The present review summarizes the effects of VK2 on cancer in clinical, in vivo, and in vitro studies. Clinical trials demonstrated that VK2 has the potential to improve the prognosis of patients with cancer. In addition, evidence indicates that VK2 treatment can prevent HCC in patients with hepatic cirrhosis, and the dietary intake of VK2 can decrease the risk of developing cancer, particularly prostate and lung cancer (54). Furthermore, VK2 is confirmed to restrain tumor cell growth in animal studies (1,7,20–22,55), with cell-cycle arrest and apoptosis involved in this inhibition. In vitro studies (1,23–27,35) certified that VK2 could inhibit the growth of several cancer cell lines. Although several detailed links remain to be investigated, studies included in the present review (23–25,33–37,39,41,45,48,49) indicated that induction of the cell-cycle arrest, cell differentiation, apoptosis, and autophagy is crucial for VK2-dependent suppression of cancer cell growth. Certain protein kinases, such as PKA and PKC, signaling pathways, such as the MAPK pathways, transcription factors, such as NF-κB and AP-2, and essential proteins, such as Bak and Cx43, are involved in the mechanism of VK2 activity against cancer cells (23,24,33,37,41). The combination treatment of VK2 with other chemotherapeutics, such as sorafenib, can exert a synergistic effect and reduce adverse drug reactions.

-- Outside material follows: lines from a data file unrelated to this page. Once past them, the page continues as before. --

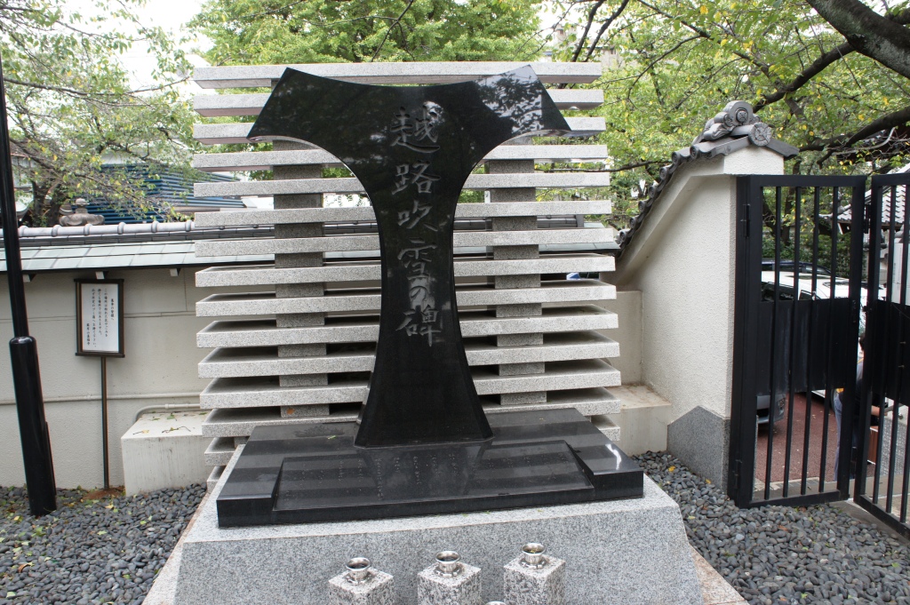麻布の善福寺の墓所の中で見かけたのが、1980年に56歳で亡くなった越路吹雪の歌碑でした。まるでカクテルドレスのような形をしています。碑に刻まれているのは、代表曲の一つ「愛の賛歌」。よく見ると、越路吹雪が両手を広げ歌い上げているようにも見えます。ところで、お墓自体は別の場所にあるそうです。何でまた、こちらにあるのか、それはナゾのままです。
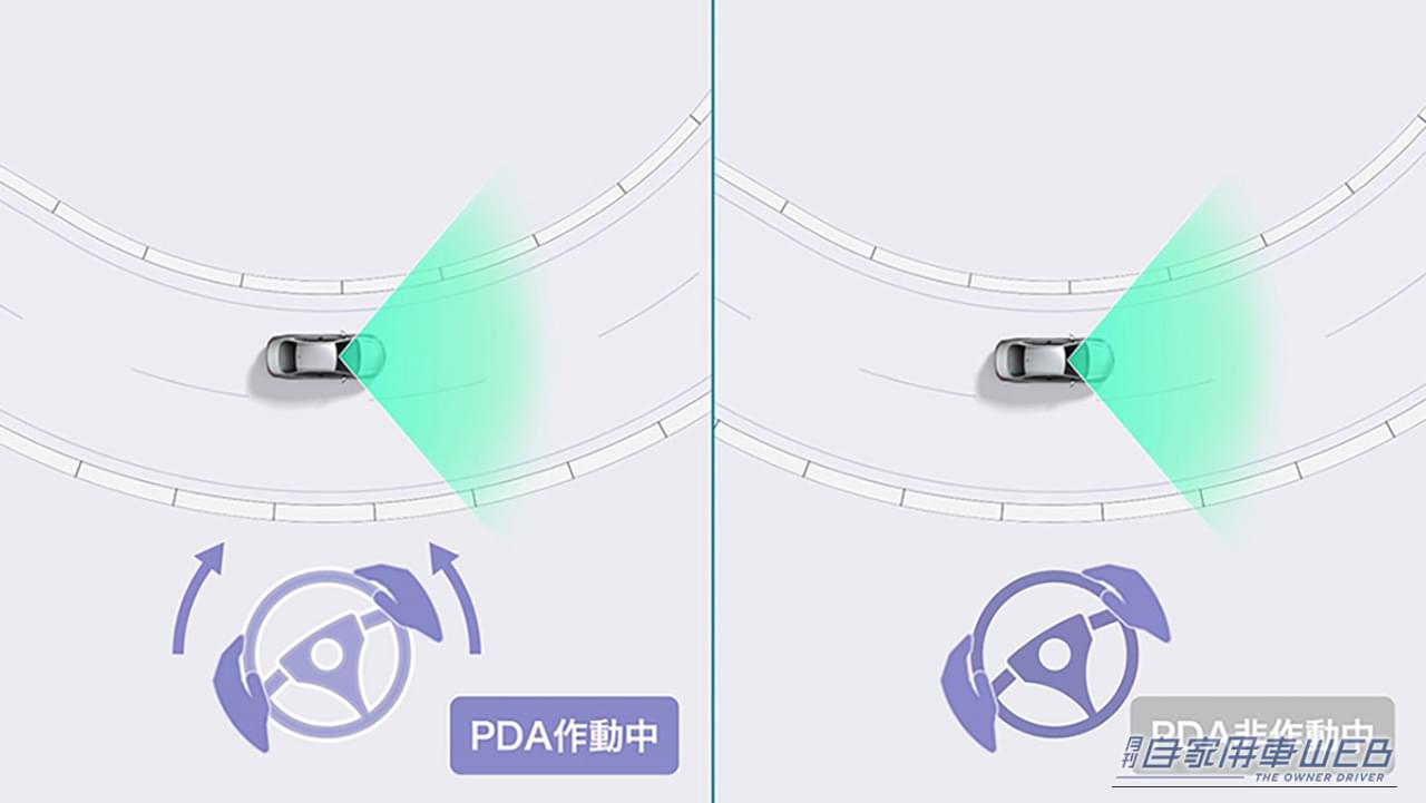 帰り道では、運転操作を先読みしてステアリングをサポートする「常時操舵支援機能」が追加されたPDA(プロアクティブドライビングアシスト)のおかげで、カーブや前走車の急減速にも安心して対応でき、スムーズな走りにリラックスできた。
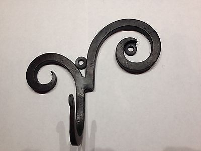 Country Primitive Iron Ram''s Horn Single Wall Hook Rustic Black
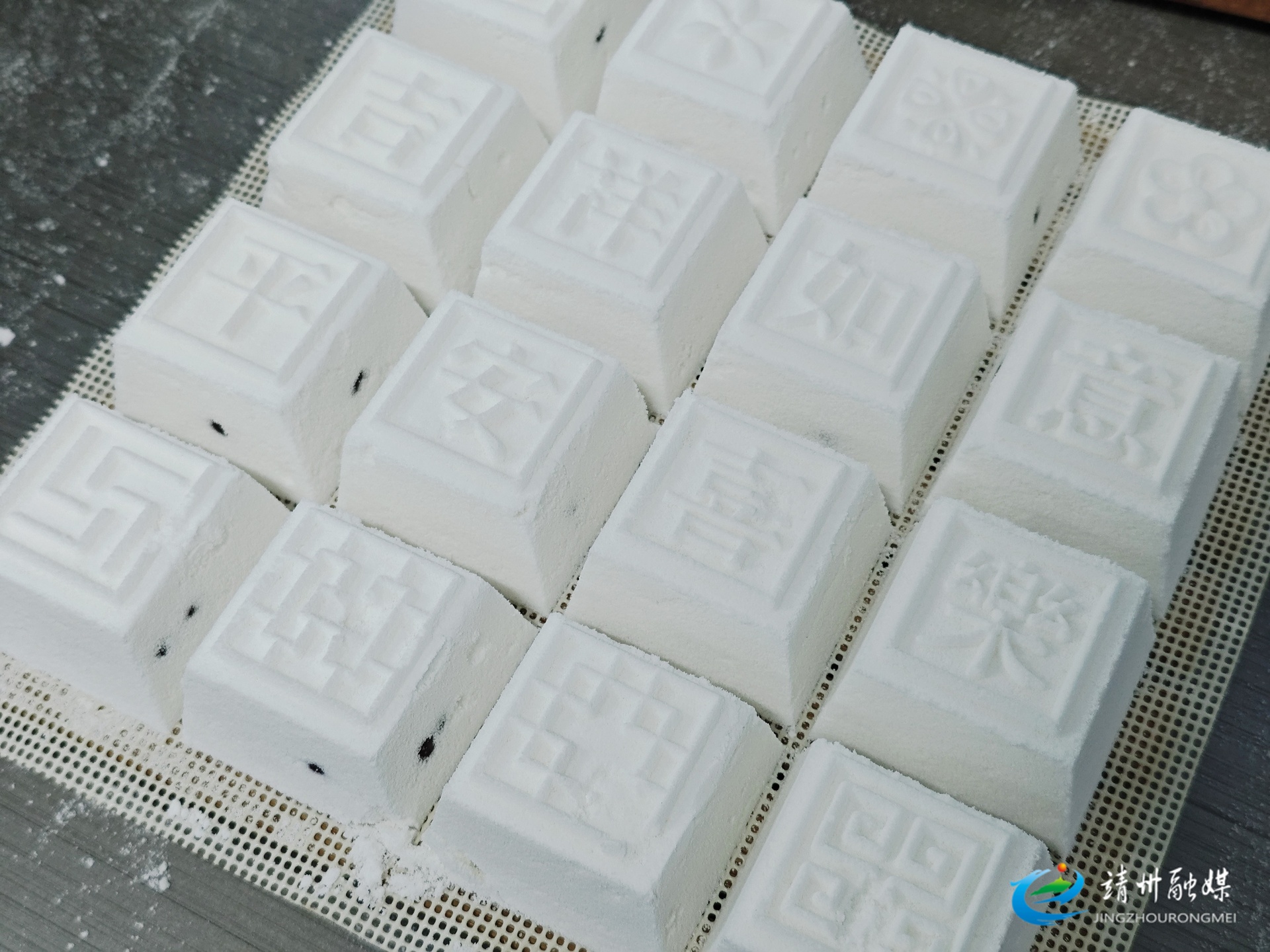 ▲红豆味茯苓糕半成品(蒲湘萍 摄)
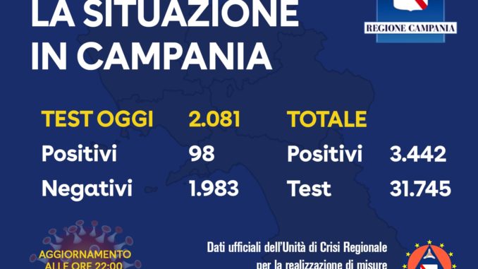 L’Unità di Crisi della Regione Campania comunica che sono pervenuti i seguenti dati:
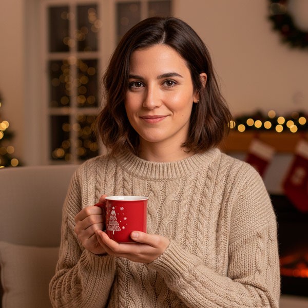 Un regalo lleno de cariño para hacer sonreír a esa persona especial. Esta taza de cerámica, con su árbol grabado en bajo relieve, invita a disfrutar cada sorbo con espíritu navideño y calidez. Perfecta para esos momentos de abrazo en forma de bebida, con 280 ml de ternura en cada taza.
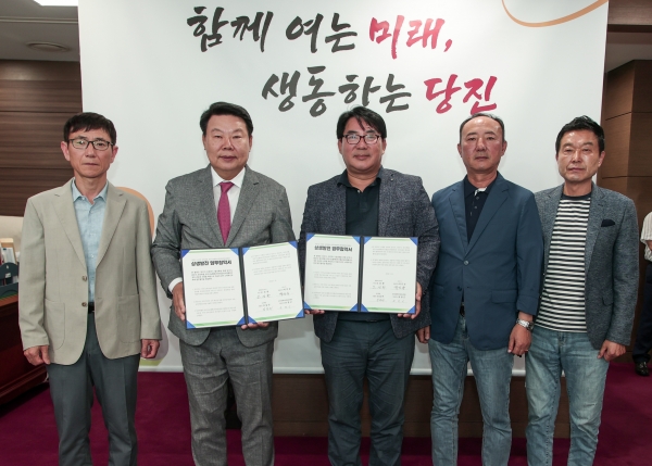 [금요저널] 당진시가 지난 5월 31일 당진시청에서 ㈜조이, 당진축협, 농협해나루조합공동사업법인과 함께 당진 농산물 공급 확대를 위한 상생발전 업무협약을 체결했다.
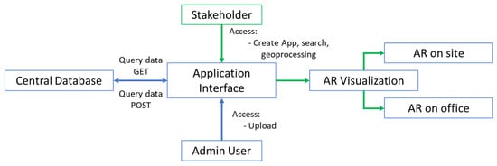 Once the user is authenticated and granted entry to the application, the browser window will display the contents. Depending on the access rights of the user, different contents will be available, including the main tabs: “Dashboard”, “Search”, “Upload” and “Create App”. The first will display the main information and description regarding the accessing account, while the “Search” option allows the user to search entries depending on the required necessities/interests, plus the additional option of applying filters. Besides this, the third option (“Upload”), permits the uploading of files to the database and will only permit certain extensions and sizes to be selected. These files may be, for instance, information required for model calculation, new measurements taken in the field, etc. Once the user confirms the selection, metadata will be extracted and displayed before the file is sent to the database. Finally, the option “Create App” creates a new connection with ArcGIS services [] to display the current information within the database; this can include maps, the location of drill holes, and models, among others. The display of such information is to be performed with 3D capabilities, and will allow the models to be checked before dispatching anything to the AR applications.
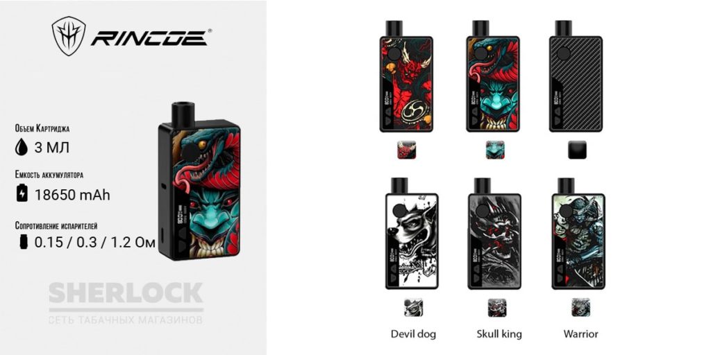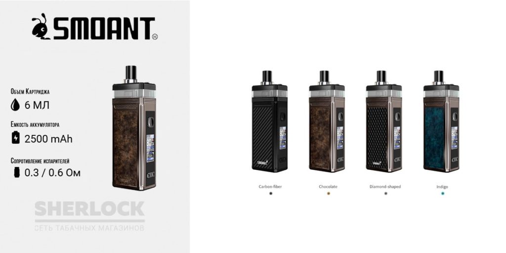 Необычный и компактный корпус, является самым маленьким среди POD-систем. Батарея мощностью 800 mAh обеспечит паром на целый день. В комплекте два сменных картриджа различных сопротивлений 0,6 и 1,2 Ом. Управление осуществляет с одной кнопки, описывается все действия на небольшом экранчике.
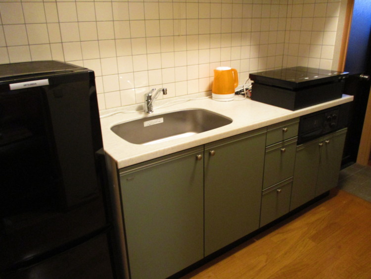 システムキッチンがあります。調理器具・食器などすべて揃っています。
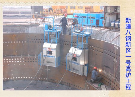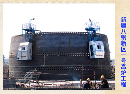 新疆八一鋼廠新1號、2號、3號高爐工程位于新疆烏魯木齊八鋼新區,三座均為2500立方米高爐,每座年產生鐵200萬噸。從2006年底開工至2011年7月底全部投產,中國二冶承擔三座高爐主體項目施工。
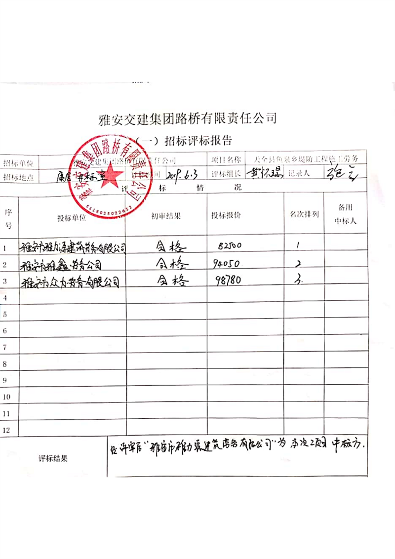 雅安交建集團(tuán)路橋有限責(zé)任公司天全縣魚泉鄉(xiāng)堤防工程施工勞務(wù)項(xiàng)目邀請招標(biāo)結(jié)果公示
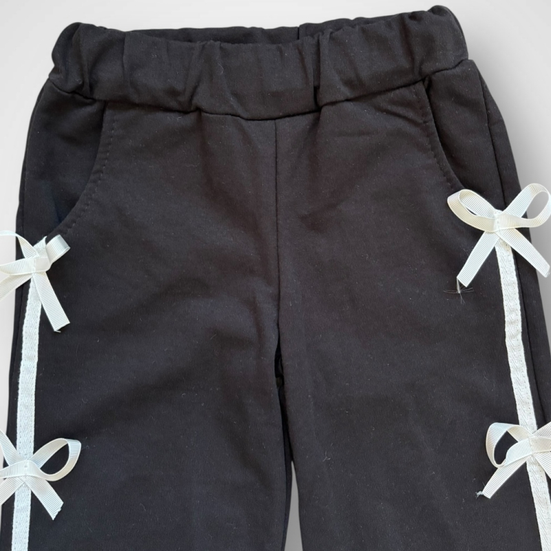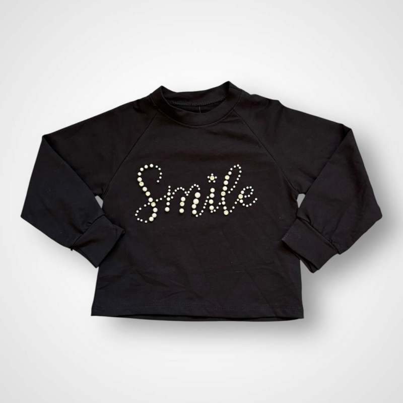 Dievčenská bavlnená súprava mikina a tepláky. Basic mikina s nápisom Smile, ktorý je vytvorený s lesklých a bielych koráliek. Tepláky širokého strihu zdobené mašličkami. Viac informácií ohľadne starostlivosti o oblečenie nájdete v záložke PARAMETRE v časti Starostlivosť.
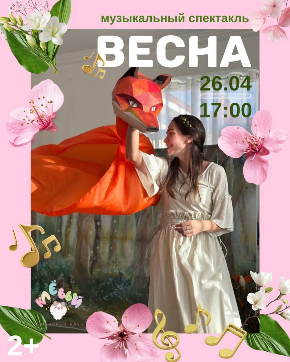 » 🌿 📅 26 апреля ⏰ 17:00 Приглашаем малышей от 2 до 5 лет на камерный музыкальный спектакль о пробуждении природы 🌱 🎶 «Весна» — это мягкое погружение в мир звуков, образов и первых ощущений Вместе мы: 🕊 услышим пение соловья и весёлых птиц 💧 послушаем, как звенит капель и бежит ручей 🌱 увидим, как оживает лес после зимы 🌸 познакомимся с первыми цветами ✨ Формат спектакля позволяет детям не просто смотреть, а чувствовать и проживать происходящее Это особенно важно для малышей — через звук, ритм и атмосферу 👶 Подходит для самых маленьких зрителей (2+) ⏳ Продолжительность: 45 минут 💰 Стоимость: 2600 руб.
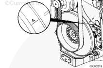 使用康明斯ISX15 CM2250發(fā)動機壓縮機驅(qū)動裝置或盤車裝置沿發(fā)動機旋轉(zhuǎn)方向順時針(從發(fā)動機前方看)盤動發(fā)動機。將減振器上的 A 標記與齒輪室蓋上的指示箭頭對齊。
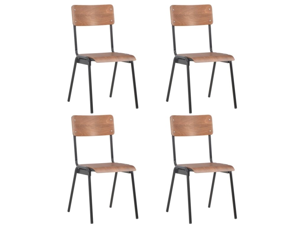 Jídelní židle jsou vyrobeny z masivní překližky, což je činí velmi robustní, odolné a navíc je snadno očistíte vlhkým hadříkem. Nohy jsou zhotovené z práškově lakované oceli a dodají židlím extra stabilitu. Židle jsou stohovatelné, takže ušetříte místo, když je právě nepoužíváte.
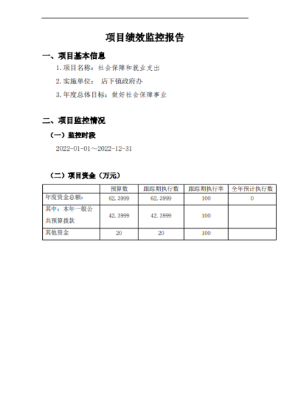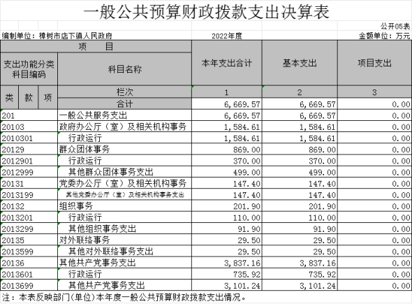 店下鎮人民政府2022年度部門決算

In conclusion, VK2 can positively inhibit cancer cells. VK2 appears to be an extremely promising agent with very limited toxicity, which can be a useful option for prevention of cancer and clinical therapy of cancer. However, the inhibition of vitamin K and D in cancers indicated that vitamins might have positive effects on the prevention and therapy of tumors. Therefore, the effects of vitamins or minerals on tumors should be investigated further.